2.6 Ownership of the Product remains with us until payment has been received in full. If payment is not made by you, we reserve the right to remove the Product from wherever it is

3. Services

When we carry out Services for you, you have the right to withdraw your instructions, without charge, by notice as set out in clause 2.4 within seven working days afterwards. Please note that this right will cease if we start work with your consent within that time.

4. Our Obligations

4.1 We shall sell you the Product and provide you with the Services.

4.2 We shall not use, divulge or communicate to any person (other than those authorised by you) any confidential information concerning your business or affairs which may come to our knowledge in the course of providing the Services.

5. Payment

5.1 You must pay our charges for the Products and Services as agreed between us.

5.2 Unless agreed otherwise, all our charges are exclusive of any applicable value added or other tax, which will be added to our invoices sent to you.

5.3 We reserve the right to suspend the Services if our charges are overdue for payment by you.

6. Responsibility and Additional Work

6.1 Although we will assist you as much as we can, we are not responsible for matters for which we have not taken specific responsibility.

6.2 Any charges that we agree with you are for the Services that we agree at that time.
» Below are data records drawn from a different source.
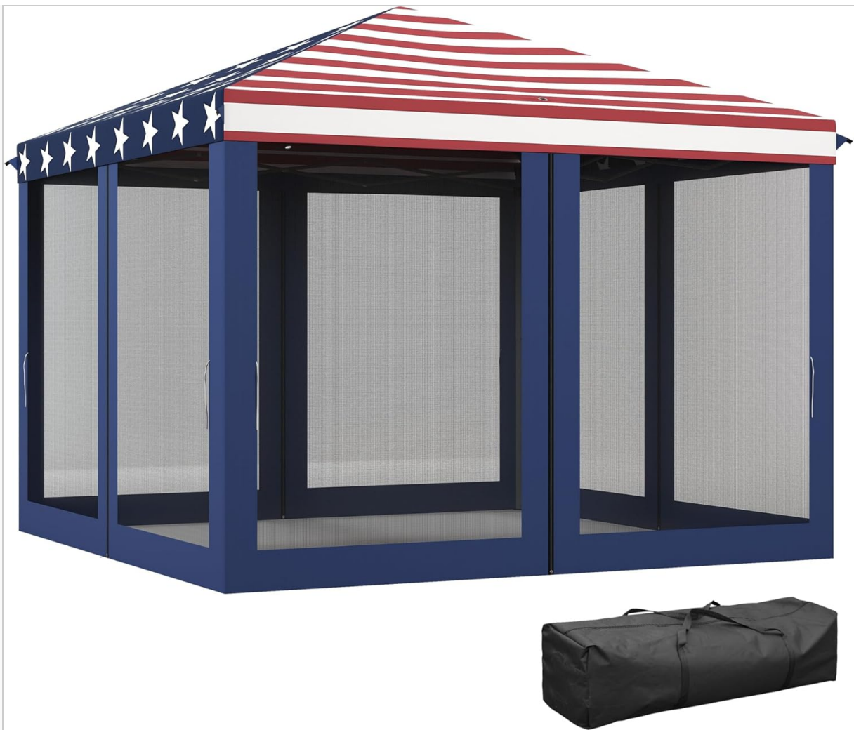
Image 6.1: The Outsunny 10' x 10' Pop Up Canopy Tent with Netting alongside its compact black carry bag, demonstrating portability.
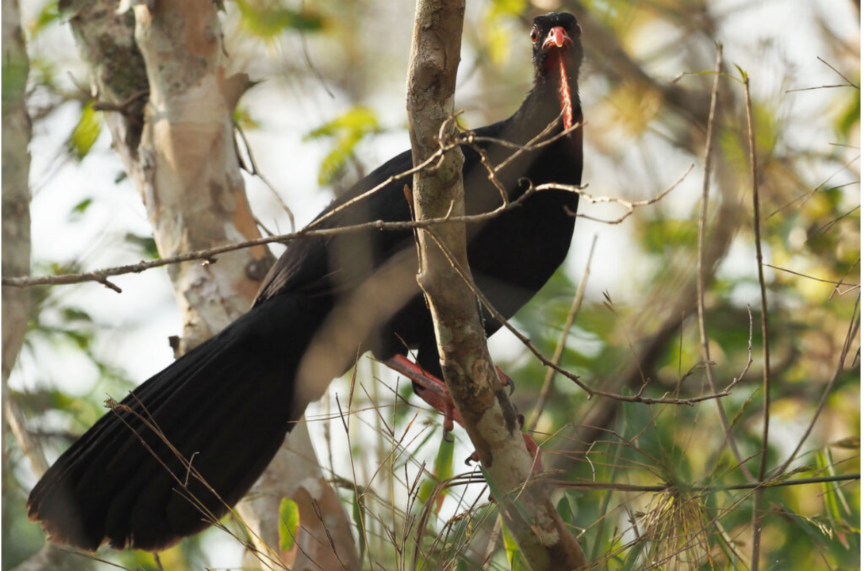
Highland Guan
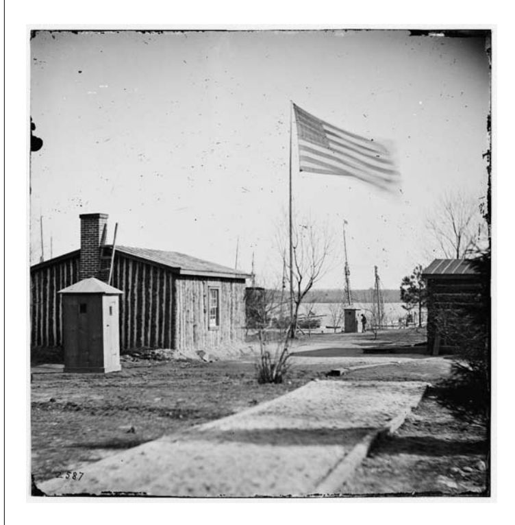
City Point, Virginia, Rear view of U.S. Grant's Headquarters, circa 1864

Whether the Lee/Grant controversy ever is resolved or not, its very existence colors the history of the middle 19th Century in America, and will for the foreseeable future because it suits the sectionalist narrative first made after the war, and it suits the chronic sectionalism that divides American society.
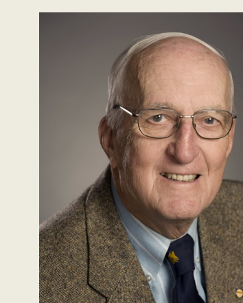
John E. Breen Professor & Nasser I. Al-Rashid Chair in Civil Engineering The University of Texas Austin, TX

The ABCD's of Bridge Building: Affordable, Beautiful, Constructible, Durable
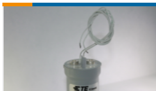
TE Part #6-1618412-9 LEV100H4ANG=CONTACTOR 12V, AUX SPST,15"
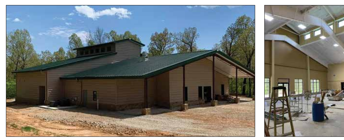
An outside and inside view of the new main building at The Ridge Retreat and Adventure Center.
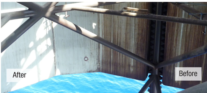
At extremes of needing to clean an offshore oil rig that has succumbed to fire damage, this photo illustrates the before and after benefits of using Cyndan's Biodegradable UBC formula.

Great for general building maintenance to degrease and clean masonry, metals, timber and most hard surfaces. Ideal for stripping away grey oxidised timber residue and sap.
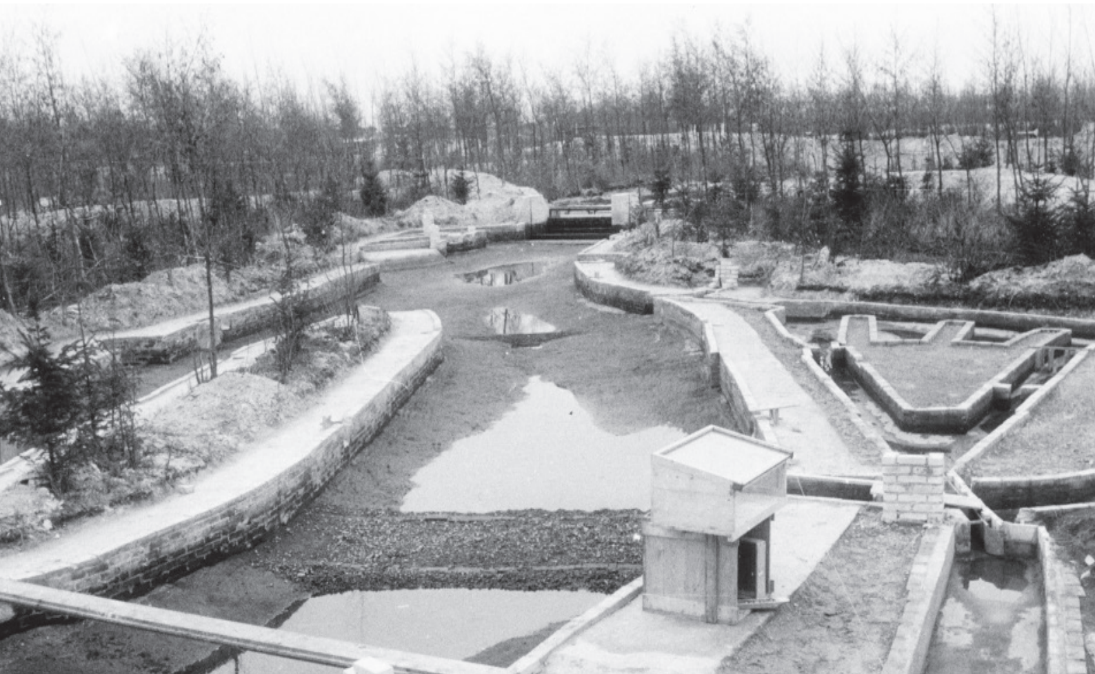
The model of the Water City part of Rotterdam. On the right the Binnenhaven and on the right Noordereiland, the middle is the river Maas (1956).
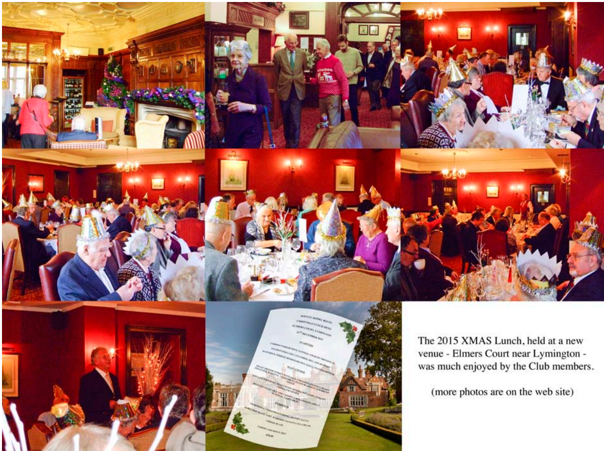
The 2015 XMAS Lunch, held at a new venue - Elmers Court near Lymington - was much enjoyed by the Club members.
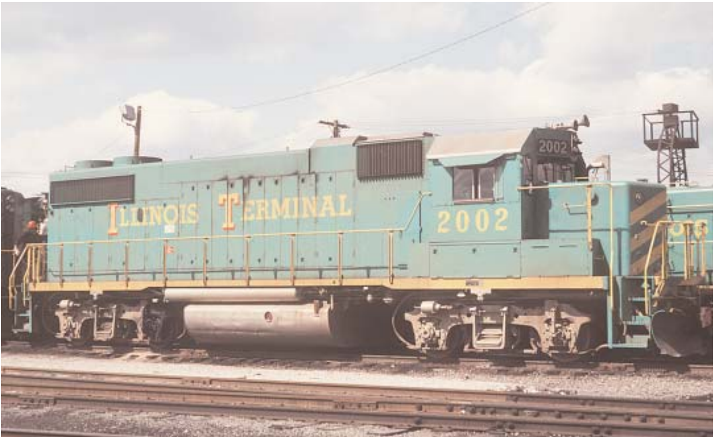
GP38-2 at Federal in April 1979
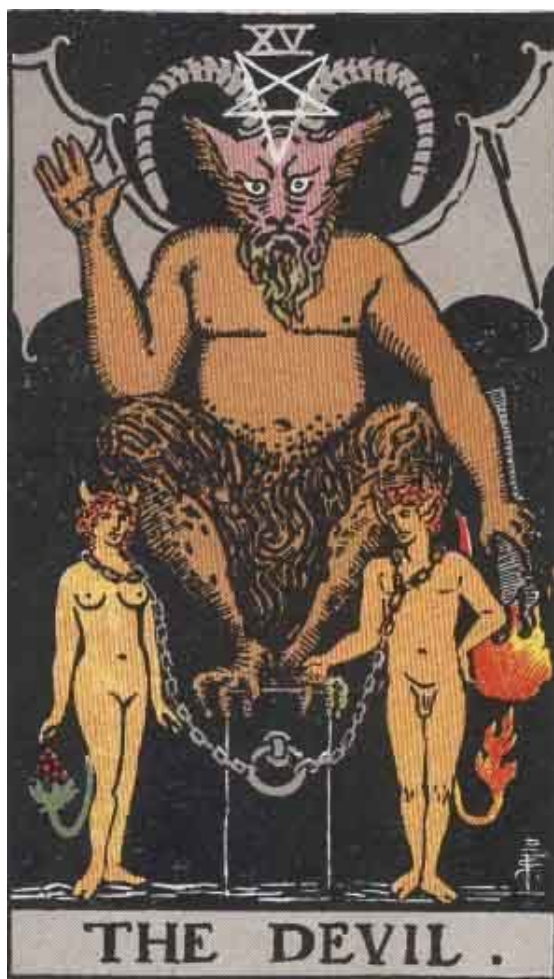
The Devil in the Rider-Waite tarot deck.

Baphomet, as Lévi's illustration suggests, has occasionally been portrayed as a synonym of Satan or a demon,

If we are asked to carry out additional work or your instructions to us change we reserve the right to make an additional charge.

7. Termination

7.1 Either we or you shall be entitled to terminate this Agreement immediately by written notice to the other if the other commits any material breach of this Agreement and, in the case of a breach capable of remedy, fails to remedy it within 21 days after receipt of a written notice giving full details of the breach and requiring it to be remedied.

7.2 Either of us can also terminate this Agreement if the other is the subject of a bankruptcy order (or the equivalent in any other jurisdiction) or the other becomes insolvent or make any arrangement or composition with, or an assignment for the benefit of, its creditors or if any of its assets are the subject of any form of seizure. If either of us is a company, the other can terminate this contract forthwith if the first party goes into liquidation, either voluntary or compulsory, or if a receiver or administrative receiver or administrator is appointed.

8. Liability

8.1 We warrant to you that we will seek to supply the Services with reasonable skill and care. We accept liability for our own negligence, but only to the extent stated in this clause.

8.2 Nothing in this Agreement shall be construed as restricting or excluding our liability for death or personal injury resulting from our negligence or for fraud.

8.3 Our liability to you under this Agreement shall not exceed the amount paid by you for the Services over the previous 12 months.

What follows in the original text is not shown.